### MATERIAL SHOWN ###
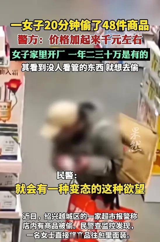 “万万没想到!”近日,浙江绍兴,一女子逛超市时,把自己遮的严严实实,趁周围没人,就把喜欢的商品藏到自己包里面,短短20分钟内,就盗了48件商品,没想到的是,女子年薪几十万,偷东西纯属“过瘾”!网友:理解不了!
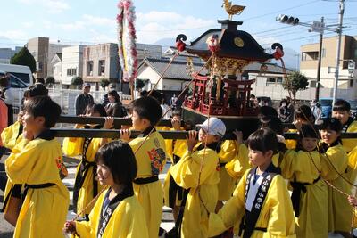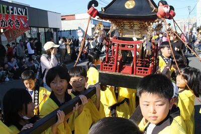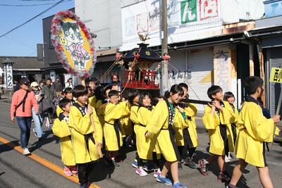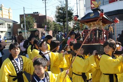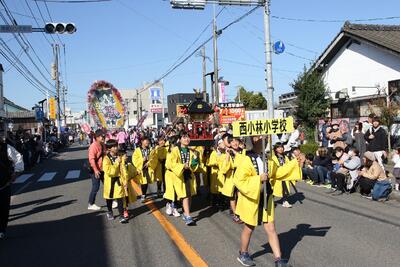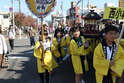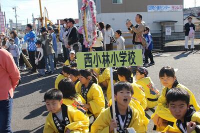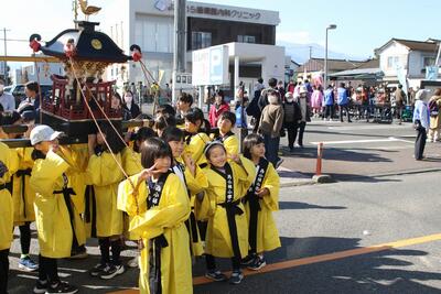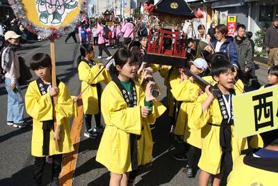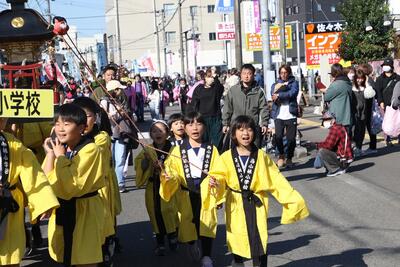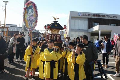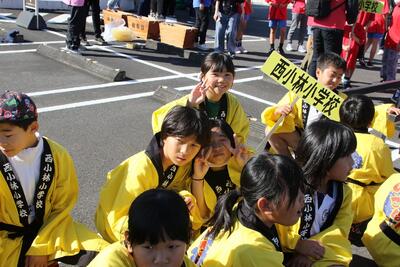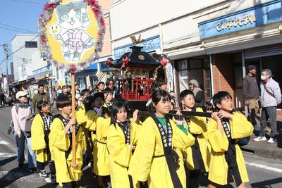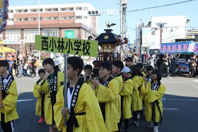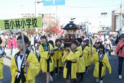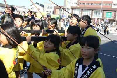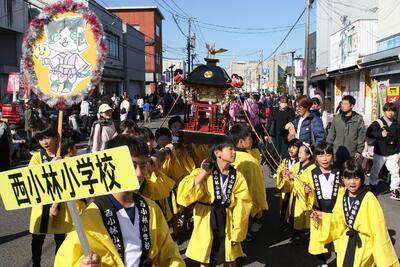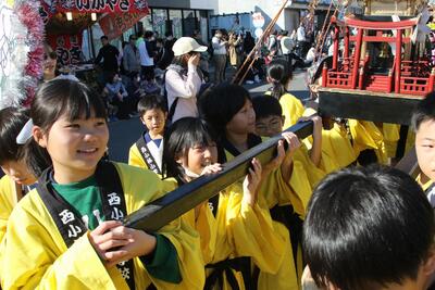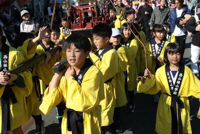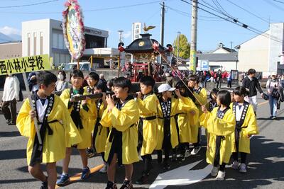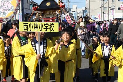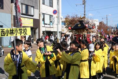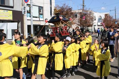 11月23日、秋晴れの空の下、こばやし秋まつりに参加しました。今年は、1年生から6年生までの23名が元気いっぱいに神輿を担ぎ、街を練り歩きました。黄色い法被に身を包んだ子どもたちは、掛け声を合わせながら力強く神輿を担ぎ、沿道の皆さんからたくさんの声援をいただきました。地域の方々や保護者の皆さんに見守られながら、子どもたちは最後まで笑顔で頑張り、祭りの雰囲気を存分に楽しむことができました。保護者の皆さまには、朝早くから準備や送り迎えなどご協力いただき、本当にありがとうございました。皆さまのおかげで、子どもたちは安心して楽しい時間を過ごすことができました。応援してくださった皆さま、本当にありがとうございました!
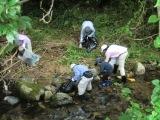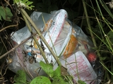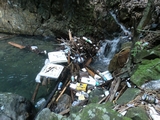 1時間半ほどで二人が帰り、6名となった。外は暑いが川の中は涼しい。深いところもあり、川の中4名体制が3名となった。まだ予定範囲の4分の1ほどしか進んでいない。やたら衣類が多い。じゅうたんや毛布もある。水を含み重い。地デジ化によるものなのかテレビの投棄がやはりあった。鉄骨、冷蔵庫、電気工事で出たごみ、ペットボトル、ビン、カン。新品の海水パンツもあった。値札や器具がついたままだ。おそらく万引きしたものではないか。そんなものが2つ。別の場所では値札がかたまって落ちていたので、万引きして何点かはそこで着用したのだろう。今回は紙おむつ(パット)がたくさん落ちていた。それが入った袋にカビキラーのスプレーが入っていた。綺麗好きなんだろうな。だのになんでよそに捨てるネン。
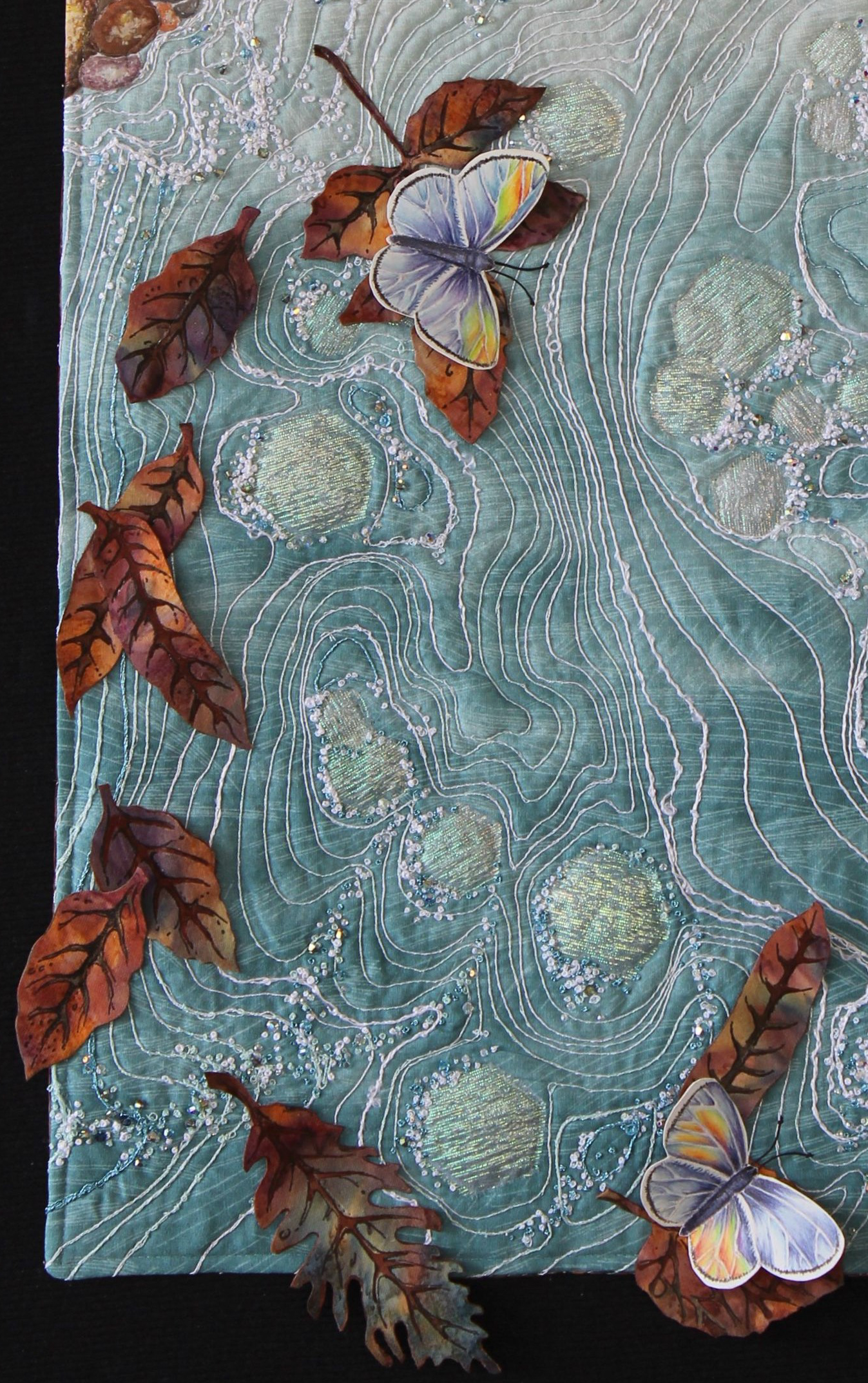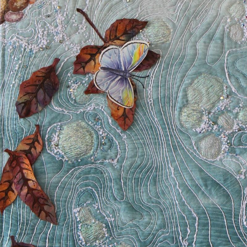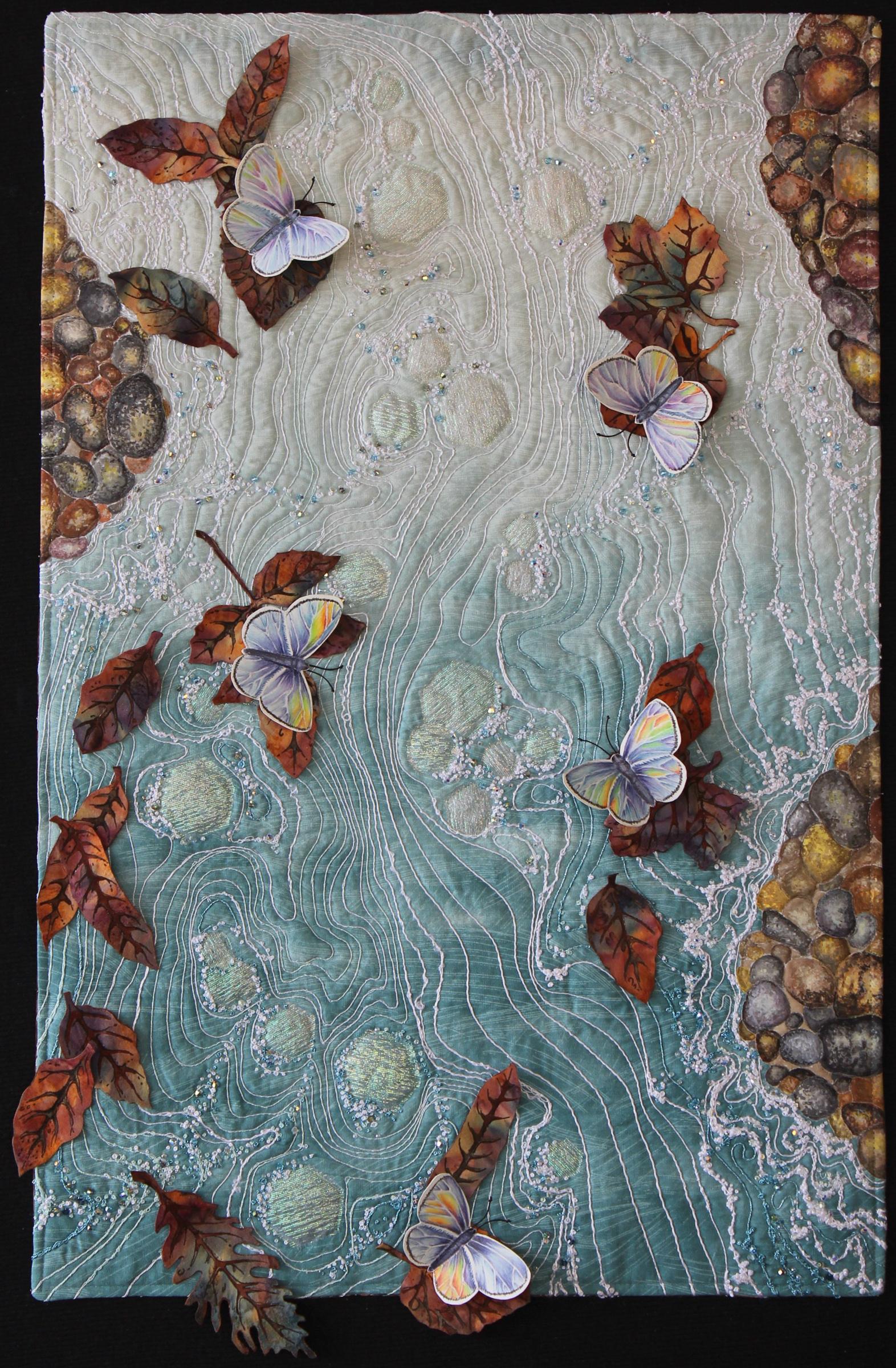 I created Midstream as I researched Montana's native butterfly species. Exploring the life habits of the Silvery Blue Hairstreak evolved into thoughts on how although they recognize each other as being the same species, they are really somewhat solitary creatures. I think that we as humans are similar - we are also blown by the wind, traveling the currents, often going solo. I feel that we humans can make life better by fostering community, showing compassion and reaching out to one another.
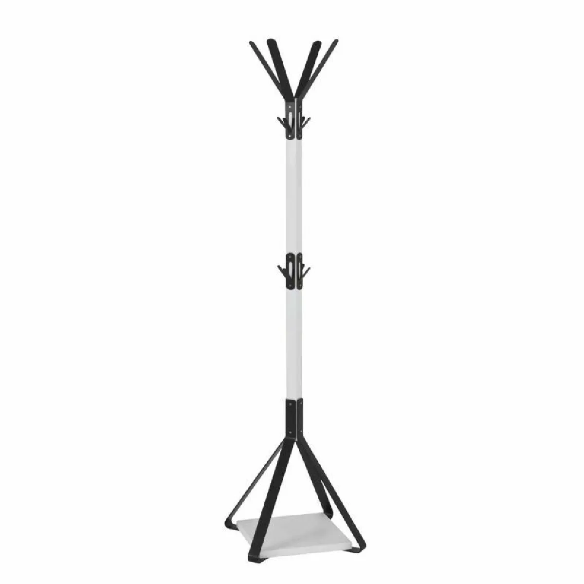 La structure en acier offre une bonne rigidité pour accueillir les vestes du quotidien, tandis que la hauteur de 178 cm facilite l'accès aux manteaux longs. Avec son emprise au sol de 41 x 41 cm, ce porte-manteau optimise l'espace d'une entrée ou d'un bureau sans encombrer. La finition Blanc s'intègre à différents intérieurs, avec des éléments Noirs qui soulignent le style. Le montage est requis et se réalise à partir d'un colis unique pesant 8,28 kg pour une manipulation simple.
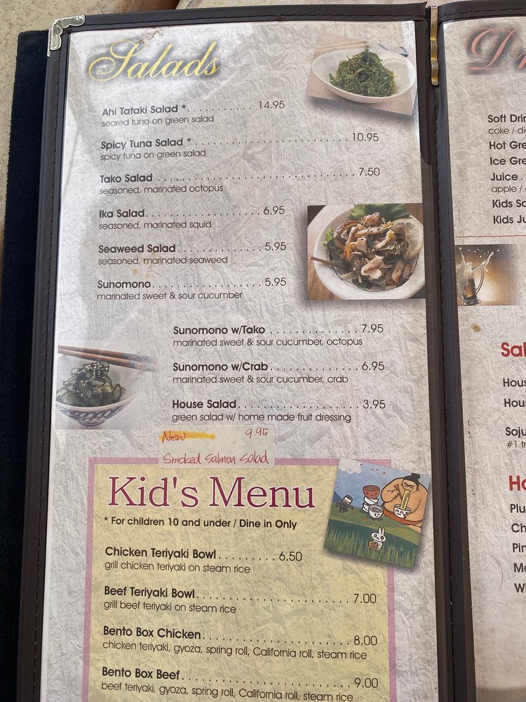 ahi tuna, salmon w/sesame oil seaweed salad, scallion
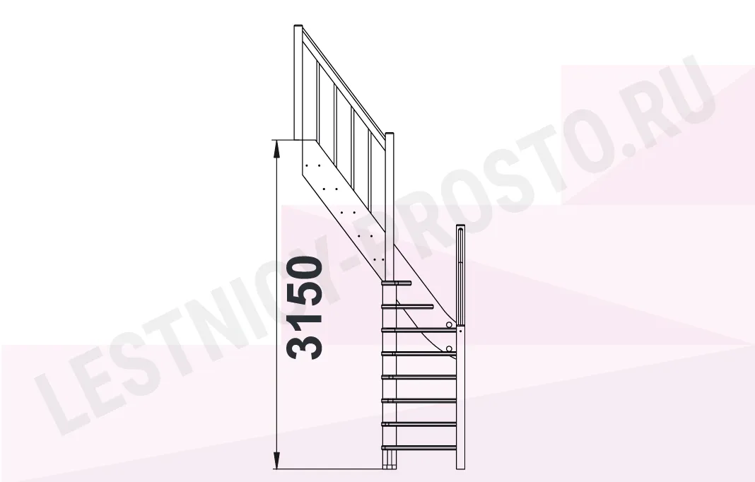 Базовый комплект включает в себя деревянные элементы лестницы и ограждения без какого-либо покрытия.
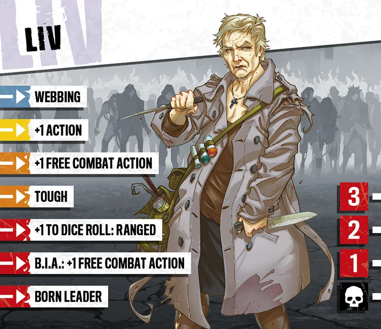 Olivia (’Liv to her friends’) worked her way up through the ranks of the NYPD to become a detective second-grade. But when an investigation ran afoul of the newly minted mayor, she became the subject of an Internal Affairs witch hunt, and was forced to resign in disgrace. Hard-bitten and hard-boiled, she began work as a private detective, and made a successful, if unsatisfying career of it. Then the zombie apocalypse began. Resourceful and intelligent, Liv is wholly reliable to her fellow survivors. But, do be aware that if you have any secrets, she’s probably already figured them out.
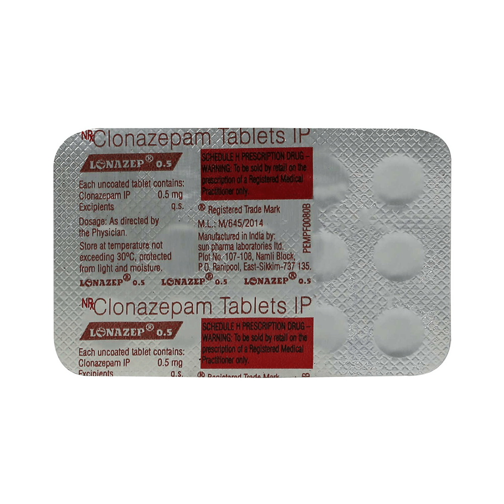Lonazep 0.5mg Tablet is a prescription medicine used to treat epilepsy (seizures) and anxiety disorder. It helps to decrease the abnormal and excessive activity of the nerve cells and calms the brain. Lonazep 0.5mg Tablet may be taken with or without food. However, take it at the same time each day as this helps to maintain a consistent level of medicine in the body. Take this medicine in the dose and duration as advised by your doctor as it has a high potential of habit-forming. If you have missed a dose, take it as soon as you remember it and finish the full course of treatment even if you feel better. You should not stop this medicine suddenly without talking to your doctor as it may increase the seizure frequency and can cause nausea, anxiety, flu-like symptoms, and muscle pain.Some common side effects of this medicine include fatigue, depression and impaired coordination. It may also cause dizziness and sleepiness, so do not drive or do anything that requires mental focus until you know how this medicine affects you. It is important to inform your doctor if you develop any unusual changes in mood or depression as this medicine may cause suicidal thoughts.
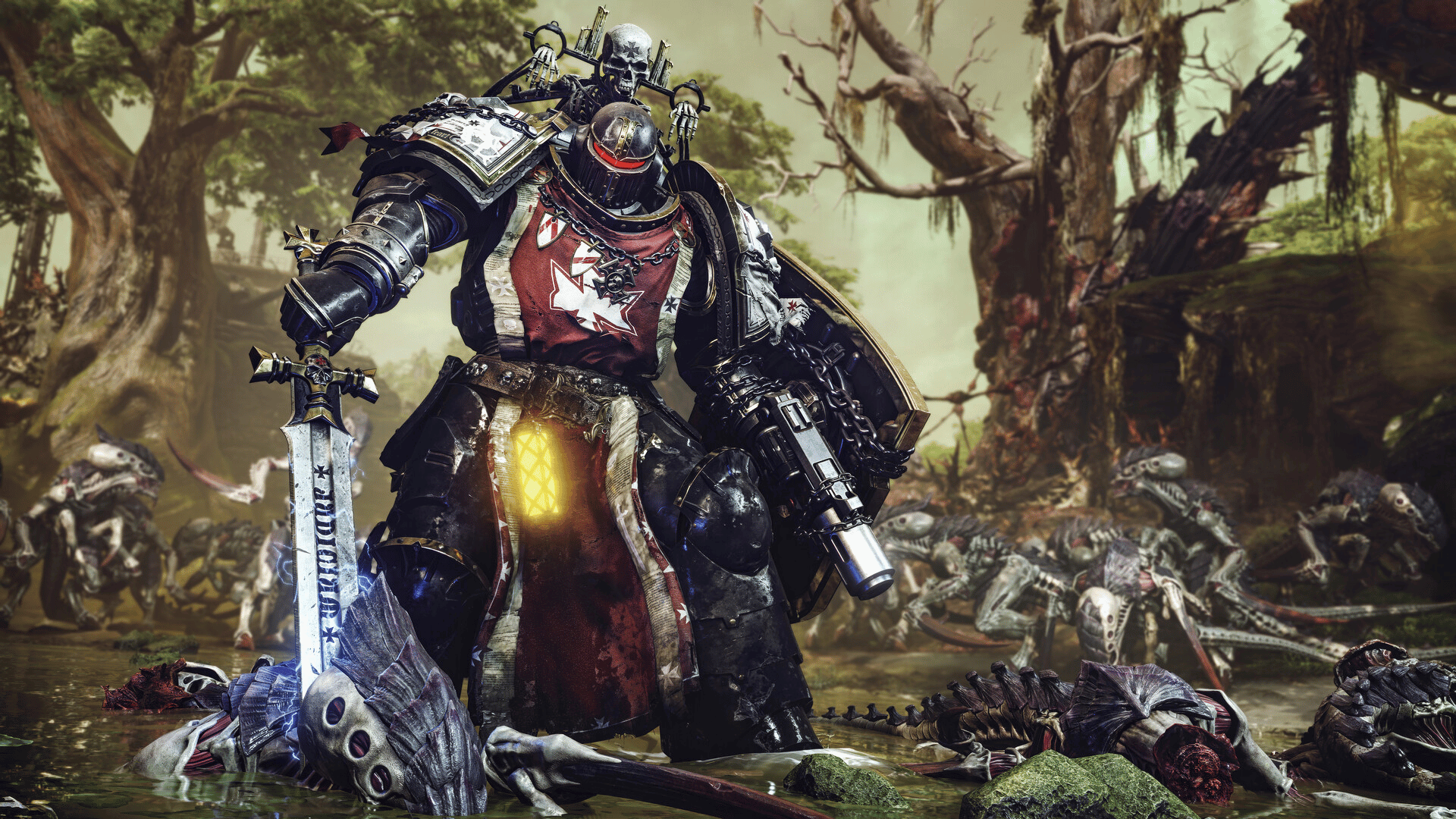 Forever crusade against the enemies of Humanity with the Black Templars Champion Pack, granting you a unique full-body Power Armour skin for the Bulwark class and a Power Sword skin featuring the colours and iconography of the Black Templars. The cosmetics in this Pack can only be equipped in the game’s Operations and Eternal War modes.
###
[WORK INSTRUCTION]: What are the lines above from the one with "I created Midstream" to the one with "Olivia (’Liv to", both included? Reproduce them exactly, without pictures.

[ANSWER TO THIS TASK]:
 I created Midstream as I researched Montana's native butterfly species. Exploring the life habits of the Silvery Blue Hairstreak evolved into thoughts on how although they recognize each other as being the same species, they are really somewhat solitary creatures. I think that we as humans are similar - we are also blown by the wind, traveling the currents, often going solo. I feel that we humans can make life better by fostering community, showing compassion and reaching out to one another.
 La structure en acier offre une bonne rigidité pour accueillir les vestes du quotidien, tandis que la hauteur de 178 cm facilite l'accès aux manteaux longs. Avec son emprise au sol de 41 x 41 cm, ce porte-manteau optimise l'espace d'une entrée ou d'un bureau sans encombrer. La finition Blanc s'intègre à différents intérieurs, avec des éléments Noirs qui soulignent le style. Le montage est requis et se réalise à partir d'un colis unique pesant 8,28 kg pour une manipulation simple.
 ahi tuna, salmon w/sesame oil seaweed salad, scallion
 Базовый комплект включает в себя деревянные элементы лестницы и ограждения без какого-либо покрытия.
 Olivia (’Liv to her friends’) worked her way up through the ranks of the NYPD to become a detective second-grade. But when an investigation ran afoul of the newly minted mayor, she became the subject of an Internal Affairs witch hunt, and was forced to resign in disgrace. Hard-bitten and hard-boiled, she began work as a private detective, and made a successful, if unsatisfying career of it. Then the zombie apocalypse began. Resourceful and intelligent, Liv is wholly reliable to her fellow survivors. But, do be aware that if you have any secrets, she’s probably already figured them out.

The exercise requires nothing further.